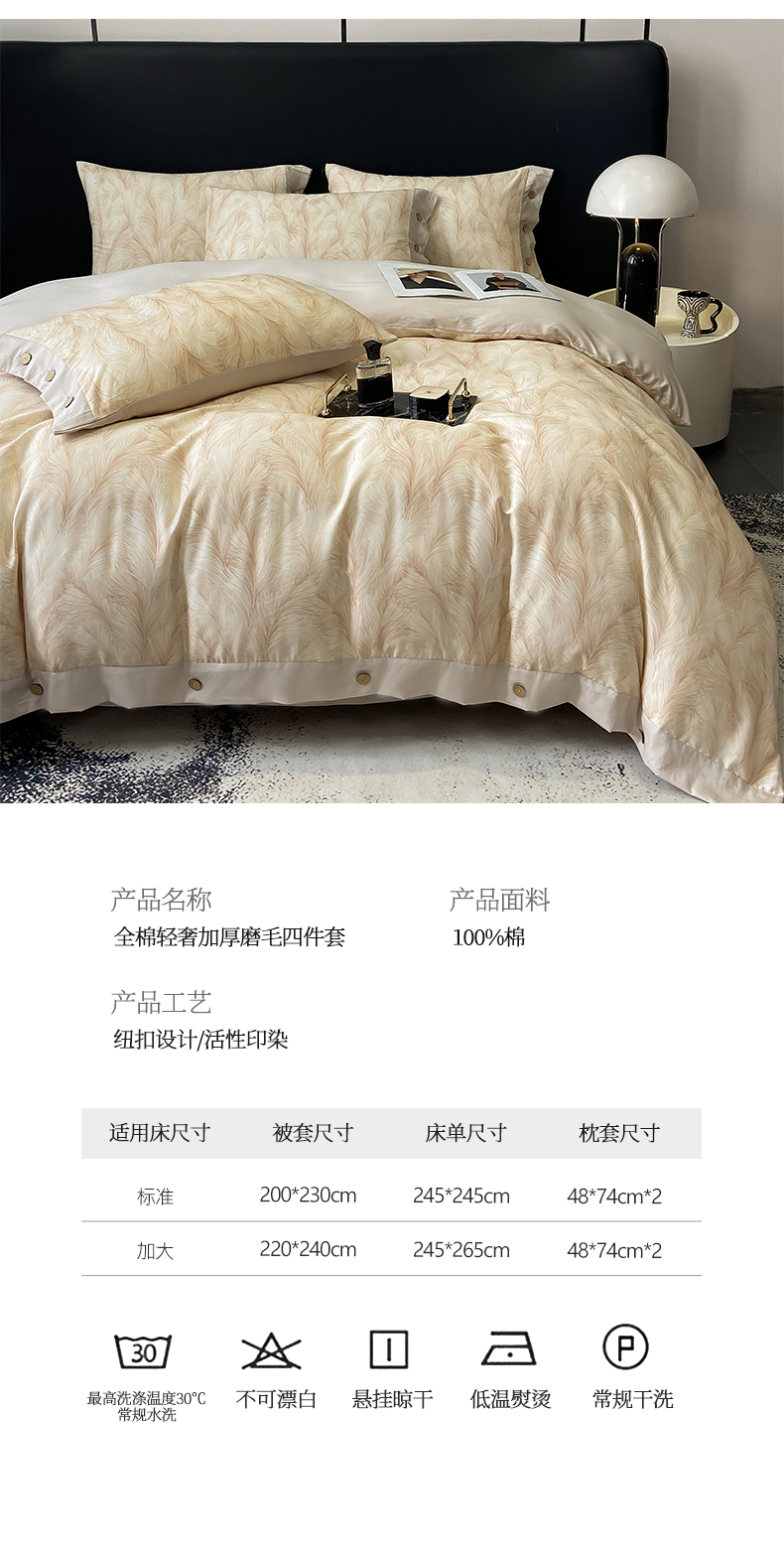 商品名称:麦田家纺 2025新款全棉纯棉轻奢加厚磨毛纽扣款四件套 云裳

---

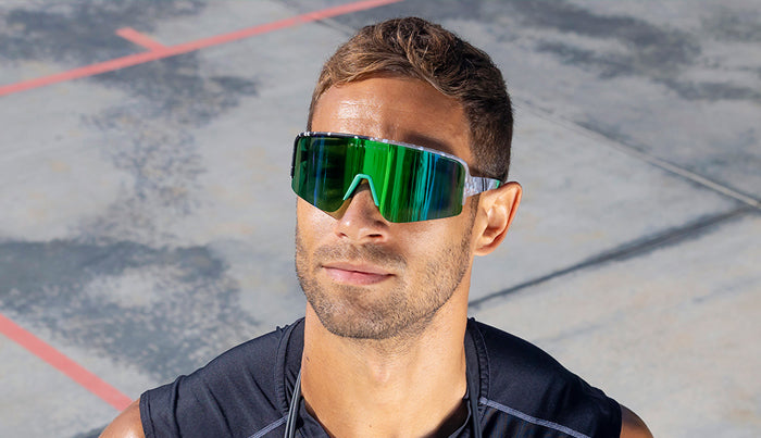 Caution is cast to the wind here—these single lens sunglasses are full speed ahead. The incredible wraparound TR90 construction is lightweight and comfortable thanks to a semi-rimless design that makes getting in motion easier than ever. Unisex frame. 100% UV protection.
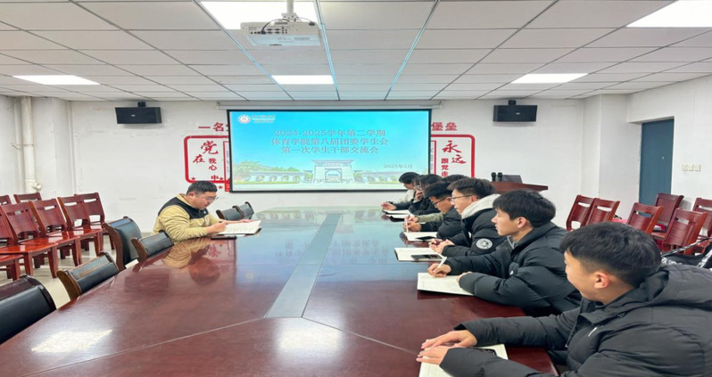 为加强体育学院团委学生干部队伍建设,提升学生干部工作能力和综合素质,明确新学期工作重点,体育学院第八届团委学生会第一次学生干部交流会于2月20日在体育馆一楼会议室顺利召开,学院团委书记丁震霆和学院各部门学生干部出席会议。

EXERCISE AIM:
Only one part of the material above is wanted: the lines from the one with "Caution is cast" up to and including the one with "为加强体育学院团委学生干部队". Please copy them exactly, pictures left out.

OUTPUT FOR THIS TASK:
 Caution is cast to the wind here—these single lens sunglasses are full speed ahead. The incredible wraparound TR90 construction is lightweight and comfortable thanks to a semi-rimless design that makes getting in motion easier than ever. Unisex frame. 100% UV protection.
 为加强体育学院团委学生干部队伍建设,提升学生干部工作能力和综合素质,明确新学期工作重点,体育学院第八届团委学生会第一次学生干部交流会于2月20日在体育馆一楼会议室顺利召开,学院团委书记丁震霆和学院各部门学生干部出席会议。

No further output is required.